Sunday, June 13, 2010

DHAKA - Investors and telecom service operators in Bangladesh are worried at the government’s move to bring in a stringent law that has provision of arrest without warrant, no scope for appeal and a heavy fine, to punish wrongdoers.

The government has moved to amend the telecommunication law to punish telecom operators without giving them scope for challenging the regulator’s decision.

The Bangladesh Telecommunication (Amendment) Act 2010, already approved by the cabinet, will be placed in parliament to have a stringent legal framework for telecom operators.

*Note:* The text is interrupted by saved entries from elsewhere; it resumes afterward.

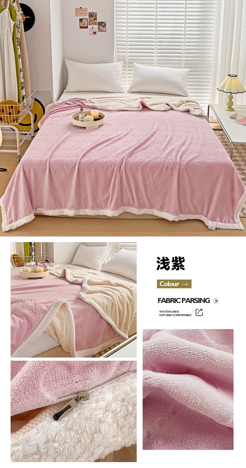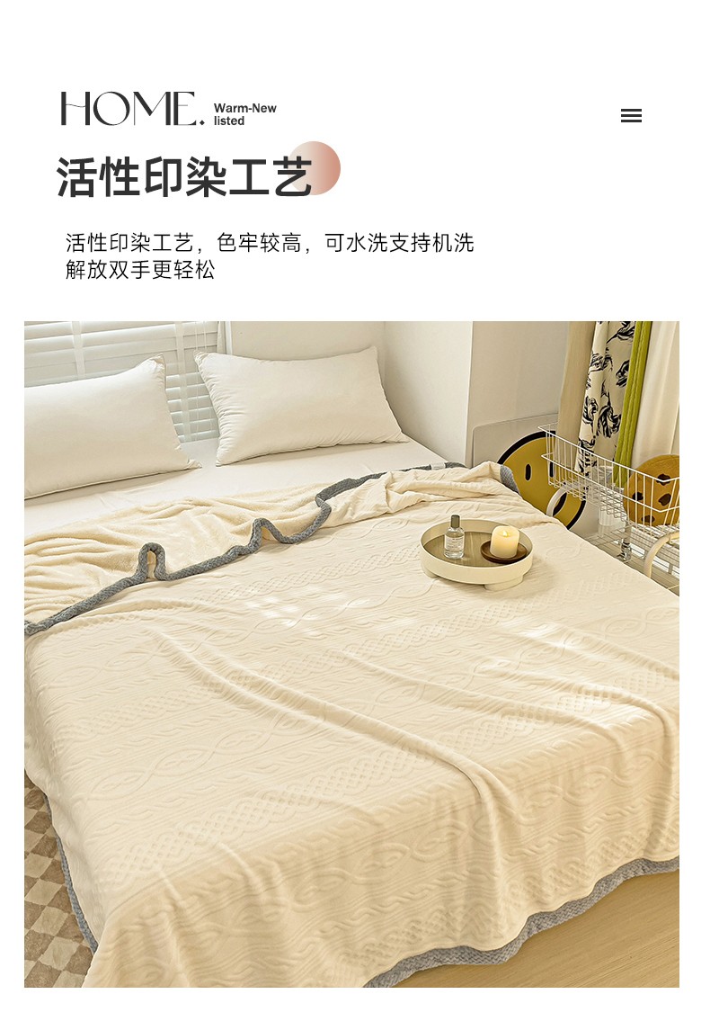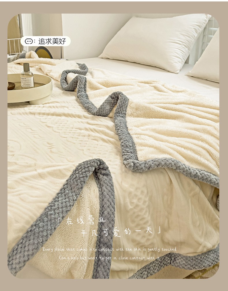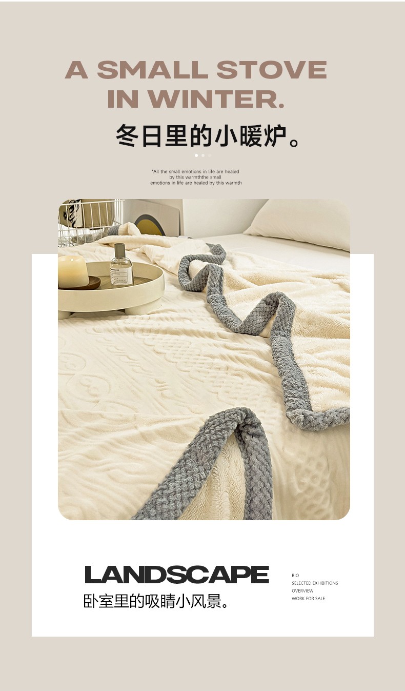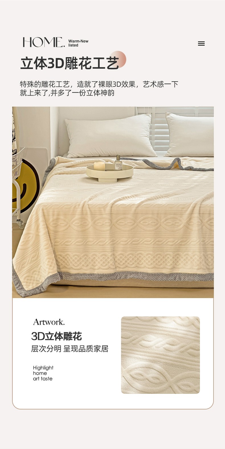 (总)法澳 2023新款双层加厚220克牛奶绒雕花烂花毛毯休闲毯
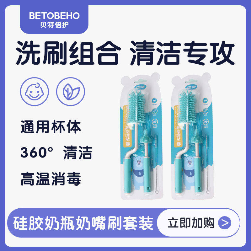 贝特倍护硅胶奶瓶奶嘴刷套装(奶瓶刷+奶嘴刷+吸管刷)
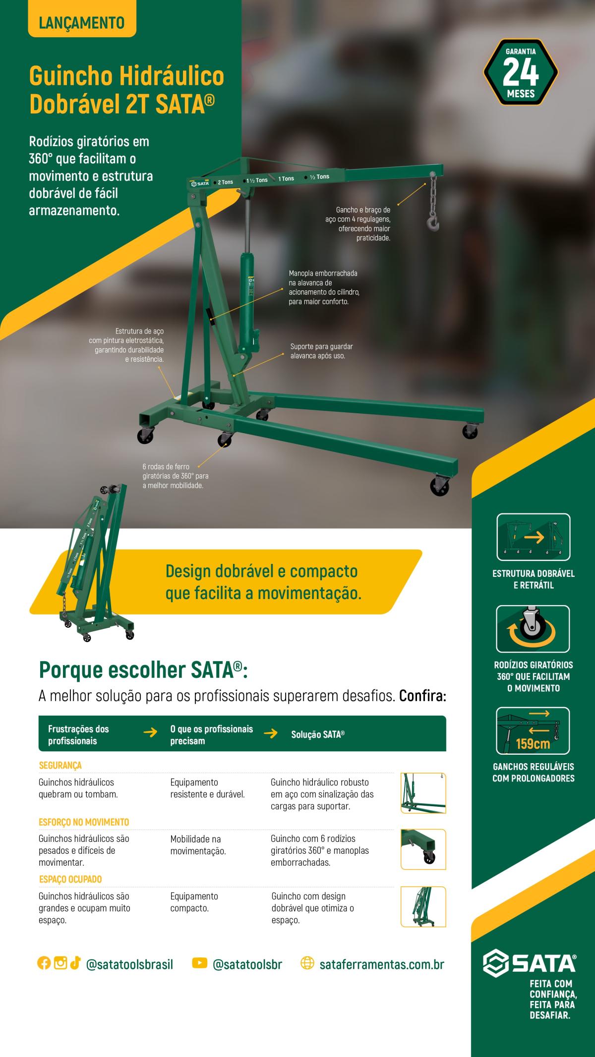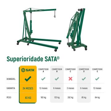 O Guincho Hidráulico 2T SATA - SCAE5843-LA de alta qualidade SATA®️ conta com uma estrutura em aço reforçada com pintura eletrostática garantindo durabilidade e resistência.
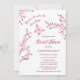 This bridal shower invitation features the text: "Because he makes her heart flutter " and a hot pink butterfly and cherry blossoms on a white background. Romantic bridal shower invitation in an elegant calligraphic script.
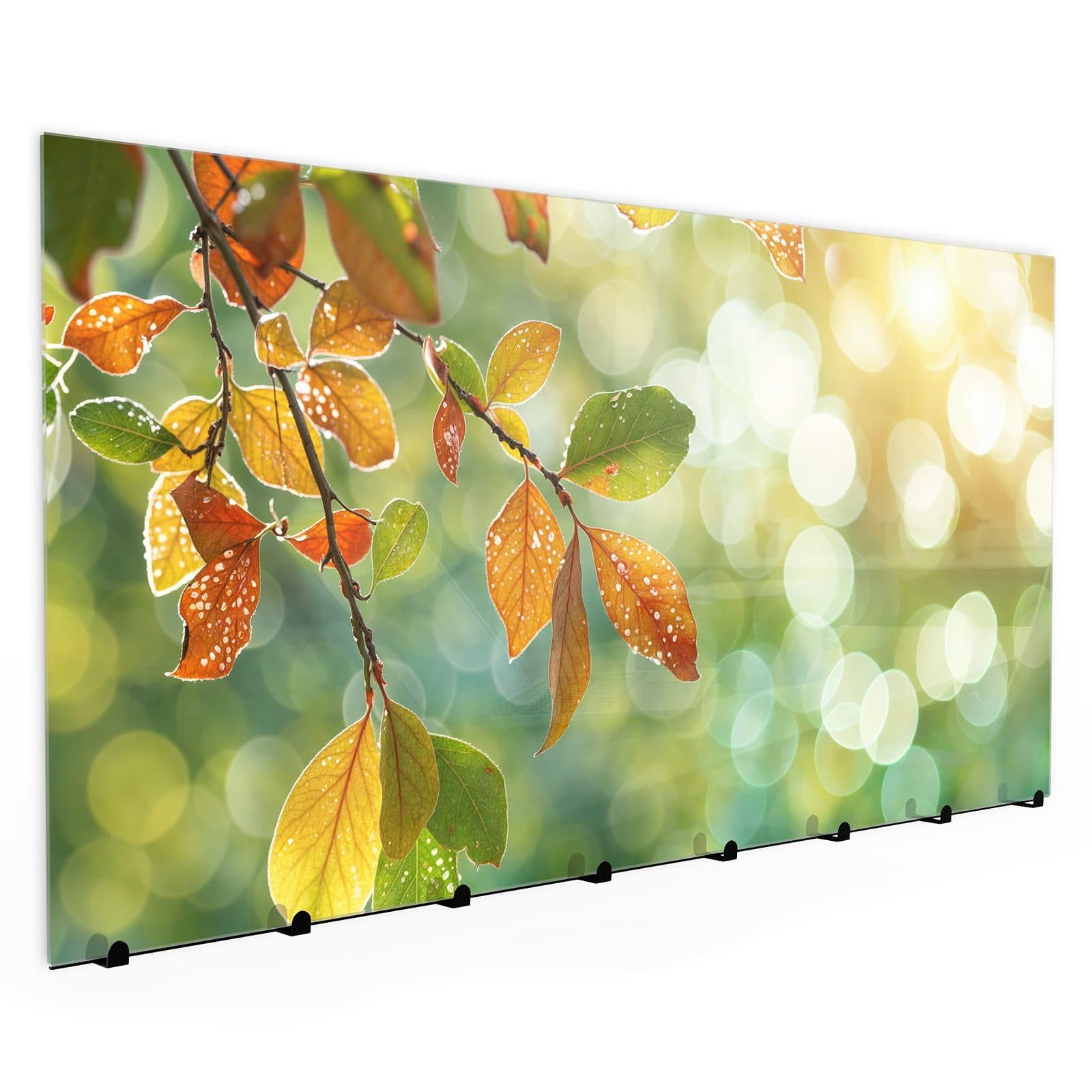 Primedeco Garderobenpaneel Kleiderhaken aus Glas Herbstlaube Lichtspiel (1 St., Inkl. Magnete, Stifte und Montagematerial), Magnetisch & Beschreibbar

The bill proposes unilateral changes in clauses in an operator’s licence by the regulator and arrest of telecom stakeholders without any warrant, The Daily Star said Sunday. It also has the provision of slapping a fine of Taka three billion ($43.2 million) as punishment.

It also has a few clauses outlining the way to bring VoIP (voice over internet protocol) business under a legal framework.

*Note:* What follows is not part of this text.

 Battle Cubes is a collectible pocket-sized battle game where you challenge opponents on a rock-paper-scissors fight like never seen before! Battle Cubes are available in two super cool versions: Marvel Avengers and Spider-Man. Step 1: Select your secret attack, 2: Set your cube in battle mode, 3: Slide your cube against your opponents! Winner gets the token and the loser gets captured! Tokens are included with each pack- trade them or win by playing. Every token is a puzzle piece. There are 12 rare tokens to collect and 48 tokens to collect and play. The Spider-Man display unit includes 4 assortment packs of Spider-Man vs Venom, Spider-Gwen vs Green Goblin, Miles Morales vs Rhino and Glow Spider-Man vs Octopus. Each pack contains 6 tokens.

If the bill gets through, telecom operators will not have a chance to appeal against the regulator’s decision, the newspaper said quoting unnamed legal experts.

All offences would be considered cognisable and the regulator or police could file a case even on suspicion, and arrest any operator official without a warrant.

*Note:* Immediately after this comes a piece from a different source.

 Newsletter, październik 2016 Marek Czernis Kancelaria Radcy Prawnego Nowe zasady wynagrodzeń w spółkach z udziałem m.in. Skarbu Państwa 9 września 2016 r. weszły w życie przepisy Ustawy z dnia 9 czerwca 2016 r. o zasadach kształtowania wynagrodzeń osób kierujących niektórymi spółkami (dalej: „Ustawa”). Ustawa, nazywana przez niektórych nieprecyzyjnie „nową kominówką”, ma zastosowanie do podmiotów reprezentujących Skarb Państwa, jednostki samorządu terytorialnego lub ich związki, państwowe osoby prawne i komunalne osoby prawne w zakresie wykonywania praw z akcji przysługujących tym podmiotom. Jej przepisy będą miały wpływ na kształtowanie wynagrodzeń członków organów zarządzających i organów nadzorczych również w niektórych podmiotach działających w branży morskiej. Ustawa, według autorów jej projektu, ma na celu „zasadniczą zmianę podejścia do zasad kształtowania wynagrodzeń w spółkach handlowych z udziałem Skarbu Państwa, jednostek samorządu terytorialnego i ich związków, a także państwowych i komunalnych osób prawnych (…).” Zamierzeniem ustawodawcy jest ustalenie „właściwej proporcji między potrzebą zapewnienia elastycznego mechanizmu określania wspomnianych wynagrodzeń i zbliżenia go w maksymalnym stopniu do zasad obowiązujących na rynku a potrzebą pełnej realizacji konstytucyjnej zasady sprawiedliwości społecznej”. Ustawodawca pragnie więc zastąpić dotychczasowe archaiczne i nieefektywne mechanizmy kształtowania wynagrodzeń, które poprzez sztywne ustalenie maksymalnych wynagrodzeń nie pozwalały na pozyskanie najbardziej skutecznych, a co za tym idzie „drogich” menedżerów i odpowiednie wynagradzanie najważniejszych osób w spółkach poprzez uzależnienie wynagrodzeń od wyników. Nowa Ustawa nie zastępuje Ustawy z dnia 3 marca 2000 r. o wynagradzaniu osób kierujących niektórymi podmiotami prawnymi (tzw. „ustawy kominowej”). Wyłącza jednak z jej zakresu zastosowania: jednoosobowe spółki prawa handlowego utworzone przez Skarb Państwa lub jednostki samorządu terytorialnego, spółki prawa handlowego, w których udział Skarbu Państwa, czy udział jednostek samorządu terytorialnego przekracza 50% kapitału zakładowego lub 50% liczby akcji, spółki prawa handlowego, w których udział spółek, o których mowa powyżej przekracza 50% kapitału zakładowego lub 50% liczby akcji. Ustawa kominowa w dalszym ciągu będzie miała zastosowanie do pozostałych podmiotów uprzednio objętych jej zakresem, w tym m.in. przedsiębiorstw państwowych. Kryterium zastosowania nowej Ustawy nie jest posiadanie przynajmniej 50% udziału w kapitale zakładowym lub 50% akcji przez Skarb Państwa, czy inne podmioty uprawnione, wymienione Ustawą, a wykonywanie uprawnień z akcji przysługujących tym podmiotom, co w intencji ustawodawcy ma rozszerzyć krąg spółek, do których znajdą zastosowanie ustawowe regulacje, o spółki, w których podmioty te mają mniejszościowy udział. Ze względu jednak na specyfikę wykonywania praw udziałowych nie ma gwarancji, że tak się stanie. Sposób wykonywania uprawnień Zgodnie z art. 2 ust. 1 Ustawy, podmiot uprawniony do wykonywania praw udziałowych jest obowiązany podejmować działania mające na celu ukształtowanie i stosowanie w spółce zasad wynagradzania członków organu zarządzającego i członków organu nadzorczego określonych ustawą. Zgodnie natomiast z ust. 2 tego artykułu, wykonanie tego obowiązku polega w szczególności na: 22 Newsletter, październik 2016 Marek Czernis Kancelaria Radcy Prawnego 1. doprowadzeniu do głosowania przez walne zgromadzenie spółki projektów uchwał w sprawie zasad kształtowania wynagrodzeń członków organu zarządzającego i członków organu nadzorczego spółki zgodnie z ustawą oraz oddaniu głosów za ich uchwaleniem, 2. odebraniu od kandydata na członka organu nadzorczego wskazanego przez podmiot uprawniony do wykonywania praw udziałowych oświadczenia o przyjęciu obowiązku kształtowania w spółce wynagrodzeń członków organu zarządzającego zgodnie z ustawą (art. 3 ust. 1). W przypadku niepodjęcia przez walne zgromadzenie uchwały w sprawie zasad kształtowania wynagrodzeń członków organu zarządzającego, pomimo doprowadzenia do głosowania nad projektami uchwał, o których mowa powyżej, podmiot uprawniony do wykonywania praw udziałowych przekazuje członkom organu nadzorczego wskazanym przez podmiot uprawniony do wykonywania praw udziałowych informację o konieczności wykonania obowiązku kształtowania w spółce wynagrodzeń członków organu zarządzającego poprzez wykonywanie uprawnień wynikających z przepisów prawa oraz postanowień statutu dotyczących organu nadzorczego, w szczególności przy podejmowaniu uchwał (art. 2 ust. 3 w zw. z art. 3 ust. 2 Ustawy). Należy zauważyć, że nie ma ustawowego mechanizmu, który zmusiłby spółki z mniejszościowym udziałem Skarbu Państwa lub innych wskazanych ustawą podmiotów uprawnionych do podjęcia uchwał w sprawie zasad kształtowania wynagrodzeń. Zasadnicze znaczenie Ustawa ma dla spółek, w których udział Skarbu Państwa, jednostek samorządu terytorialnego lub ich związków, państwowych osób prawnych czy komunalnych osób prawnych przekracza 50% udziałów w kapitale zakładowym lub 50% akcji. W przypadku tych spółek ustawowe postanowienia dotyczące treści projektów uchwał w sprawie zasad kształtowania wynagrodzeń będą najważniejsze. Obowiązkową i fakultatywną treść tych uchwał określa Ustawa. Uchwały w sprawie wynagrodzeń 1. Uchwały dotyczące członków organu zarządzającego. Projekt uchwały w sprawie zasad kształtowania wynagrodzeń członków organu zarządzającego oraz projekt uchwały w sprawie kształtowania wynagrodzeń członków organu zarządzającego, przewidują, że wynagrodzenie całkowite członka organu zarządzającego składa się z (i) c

Telecommunication penetration is only 34 percent in Bangladesh. More than 56 million people now use mobile service while about 1 million people have access to the internet.

Among the recent entrants in Bangladesh’s telecom field is India’s Bharti Airtel, that acquired stake in Warid Telecom and will be investing in telecom infrastructure.

European Union, International Telecommunication Union (ITU) and investors in telecom sector in Bangladesh had sought the prime minister’s intervention to have a law that will help increase telecom penetration in the country.

Telecom and ICT stakeholders in several meetings with government officials have urged that the provisions of harsh punishment be dropped.

Oddvar Hesjedal, chief executive officer of Grameenphone, said: “We cannot go for appeal against any decision taken by BTRC (Bangladesh Telecommunication Regulatory Commission). This seems unconstitutional.”

Hesjedal said many operators are hesitating to go for 3G (third-generation mobile technology) because of the proposed amendment.

Hasanul Haq Inu, chairman of the parliamentary standing committee on post and telecommunications ministry, said the committee would oppose the proposed amendment.